● **Problem to solve**
Give the listing again word for word, excluding the pictures it contains.

● **Material provided**
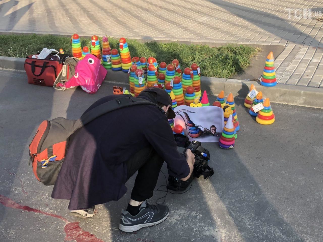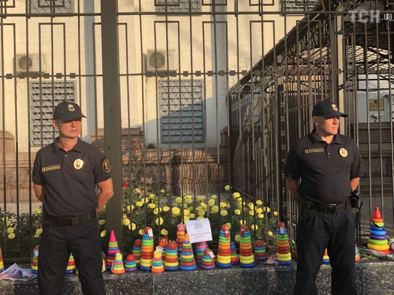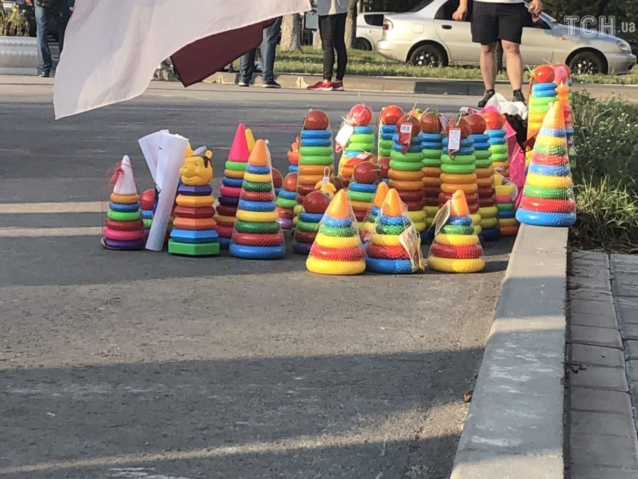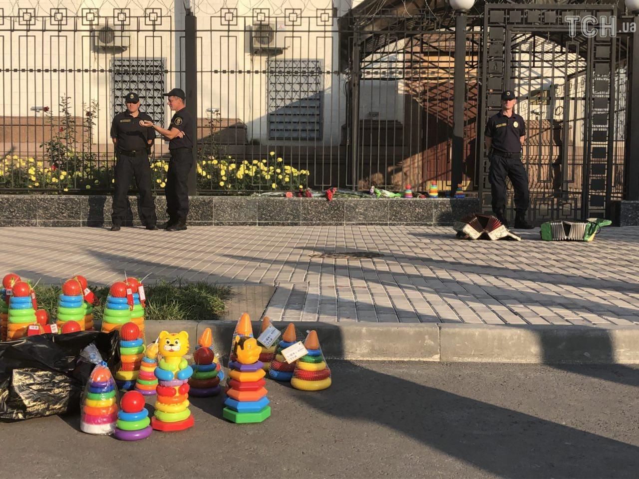 Как передает корреспондент ТСН.ua, участники акции принесли к дипведомству игрушечные пирамидки – именно такой подарок когда-то певец сделал онкобольному мальчику. Этот подарок в свое время вызвал многочисленные возмущения в его неуместности.
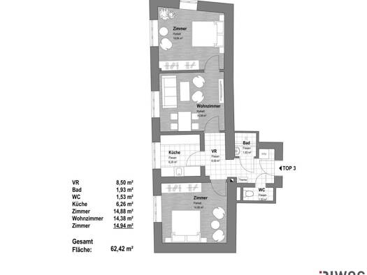 **Wohnfläche** 63,42 m² **Terrasse** 33,50 m² (über die gesamte Länge der Wohnung) **Kaufpreis** EUR 640.000,-- (privater Verkauf, keine Maklerprovision) **Verfügbar ab** März 2026 Beschreibung: Dies...
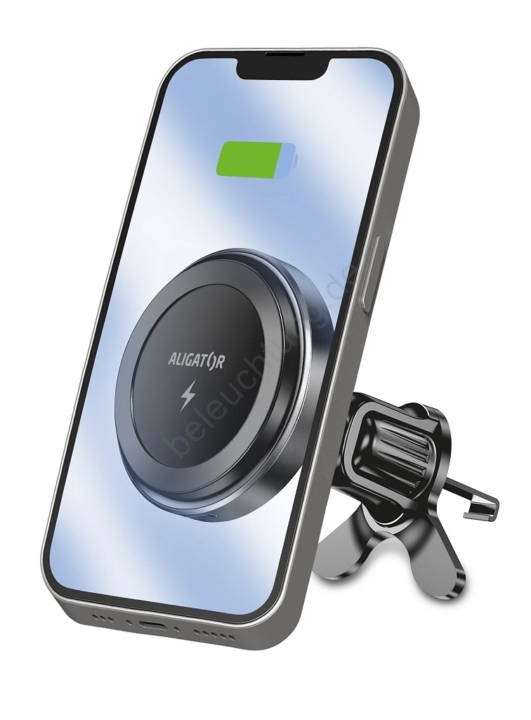 Aligator AMS05BK - magnetische Autohalterung für Smartphones mit kabellosem Qi-Laden (15 W) und MagSafe, schwarz
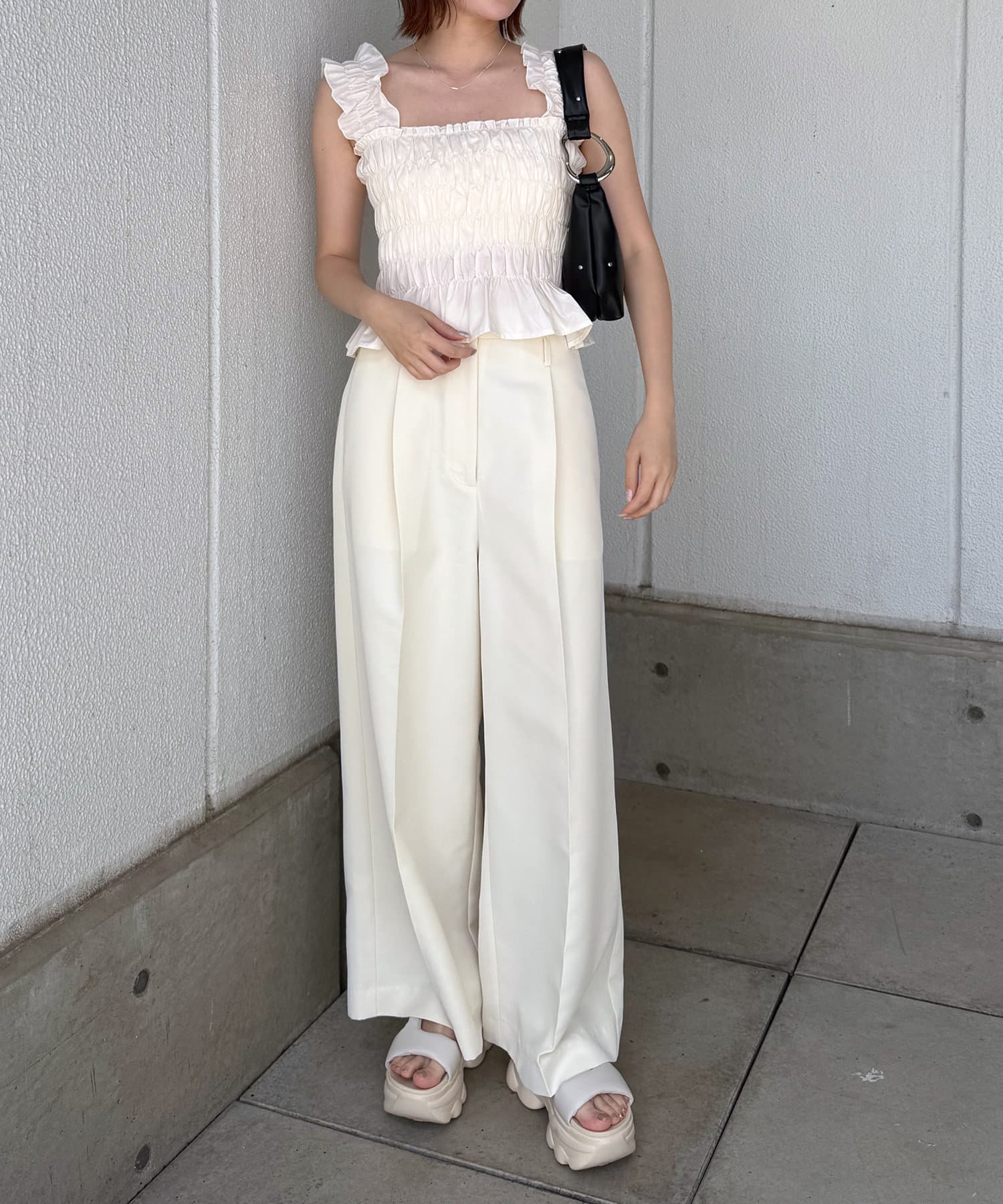 ・デニムスカートやワイドパンツと合わせてカジュアルダウンさせたスタイリング◎足元はサンダルで夏らしいスタイルも◎

● **Answer section**
 Как передает корреспондент ТСН.ua, участники акции принесли к дипведомству игрушечные пирамидки – именно такой подарок когда-то певец сделал онкобольному мальчику. Этот подарок в свое время вызвал многочисленные возмущения в его неуместности.
 **Wohnfläche** 63,42 m² **Terrasse** 33,50 m² (über die gesamte Länge der Wohnung) **Kaufpreis** EUR 640.000,-- (privater Verkauf, keine Maklerprovision) **Verfügbar ab** März 2026 Beschreibung: Dies...
 Aligator AMS05BK - magnetische Autohalterung für Smartphones mit kabellosem Qi-Laden (15 W) und MagSafe, schwarz
 ・デニムスカートやワイドパンツと合わせてカジュアルダウンさせたスタイリング◎足元はサンダルで夏らしいスタイルも◎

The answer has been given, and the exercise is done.